Uparkot Fort, Junagadh

Source: https://merwynsrucksack.blogspot.com/2017/10/uparkot-fort-in-junagadh-in-gujarat.html?m=0

In the city of Junagadh, on the foothills of the Girnar mountain ranges stands a tall fort from centuries ago, Uparkot Fort. The name of the monumental structure literally translates into the upper citadel. While the fort premises have remnants dating back to 2,300 years ago, the area also houses caves some of which can go as far back as o the period between the 1st – 4th centuries AD! A popular attraction of the fort is in its history. It has been told through the course of time that the fort was actually besieged a whooping 16 times but it continues to stand mightily till the present day. Amongst these the most mind boggling one is certainly that of a 12 years long onslaught. Yes, one that lasted for a dozen years! Such trials and tribulations have caused it ruin and loss but the frayed structure did not fail. Within the fort is a mosque that was converted out of a former palace. The mosque named Jama Masjid also fell prey to the political battles and today it stands as a single tower. But this remnant of the disused mosque is eagerly avoided after the Sun has set in Junagadh. Why? Well, the locals believe the land surrounding the masjid to be haunted. They have reported hearing eerie sounds in that area and have also mentioned instances of paranormal activity occurring here. Once a rare roofed courtyard adorned with domes and octagonal openings is now tiptoed around by the inhabitants of today who find the unexplainable around it to be a cause of fearing it.

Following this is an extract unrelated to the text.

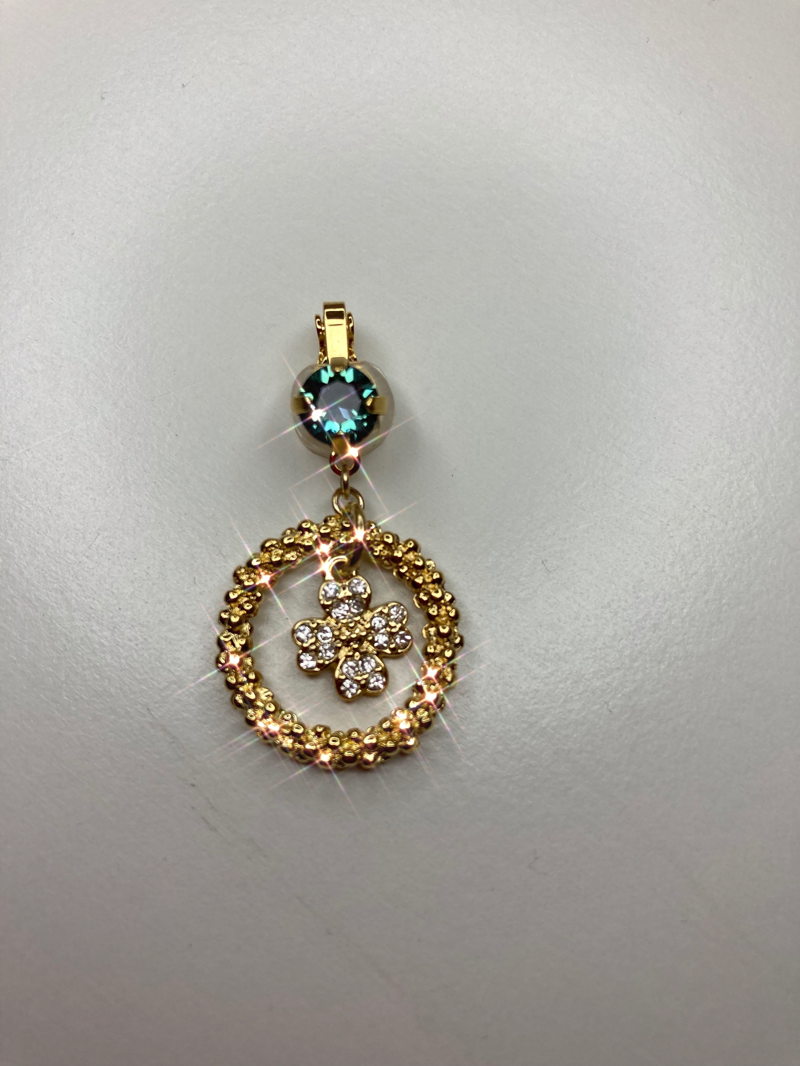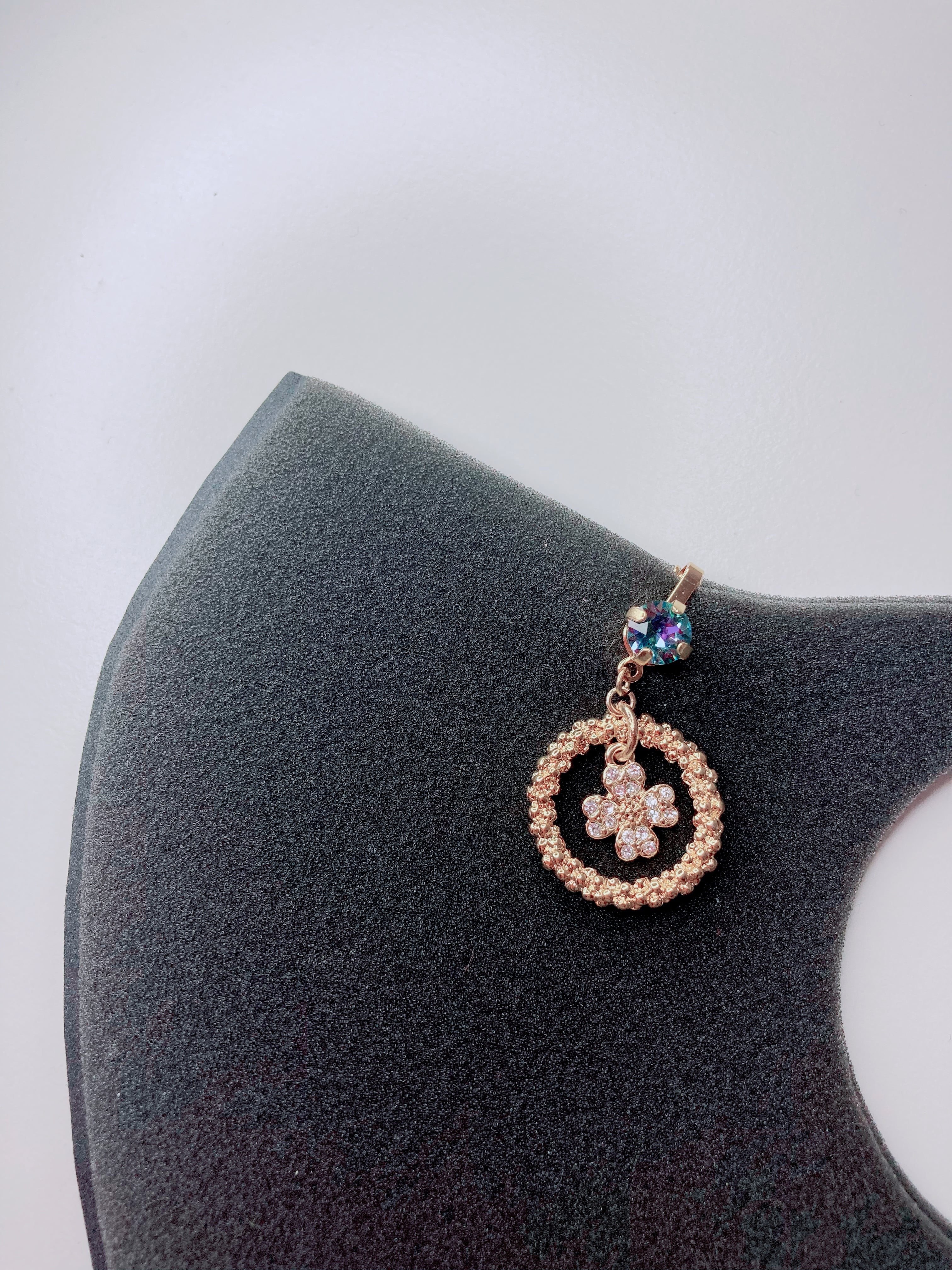 最高級の輝きを放つクリスタルを1粒とキュートな揺れるラッキークローバーのマスクチャームです。

Feroz Shah Kotla, New Delhi

feroz shah kotla
Source: https://lbb.in/delhi/chasing-djinns-firoz-shah-kotla

Built by Sultan Feroz Shah Tughlaq in the year 1354, this fort is marked as one of the oldest structures in the capital of our country. It is a symbol of the presence of the Tughlaq Dynasty in Delhi. With close proximity to the water, this complex was built in order to resolve the problems of a water crisis. But ladies and gentlemen, I now want you to brace yourself for the “kahaani mein twist”. Yes, it is believed that Feroz Shah Kotla is home to spirits. However, these spirits are actually revered and not necessarily feared. Um before you start picturing “Casper the Friendly Ghost” floating about between the walls of this fort, let me tell you that we are talking about djinns. These supernatural spirits are recorded in both, positive as well as negative light. They are believed to have come into existence through a smokeless fire. The mosque inside the fort is barely standing yet believers flock to it to pray to the djinns. They are prayed to not in the form of idols but simply as paintings made on the broken walls. Those who kneel down in prayer come offering milk and flowers to the supposed genies. The belief has gone as far as people bringing individuals here whom they thought to be under the influence or control of evil spirits. Thereafter, exorcisms have actually been performed here in the belief that the djinns if appeased will help one free a person of evil presence! The fort sees believers and sceptics all visit it in equal proportions, some coming with hope, others with questions. As for me, I cannot comment on the reality of this presence but I quite like how suddenly the age-old narrative of spirits doing wrongdoings got a positive spin here, suggesting that no matter what the species, we cannot write it off as completely evil.

So, tell me do you believe in spirits? Do you believe that there are supernatural beings living amongst us? Do you believe a place can be haunted? And if yes, are you game to visit it?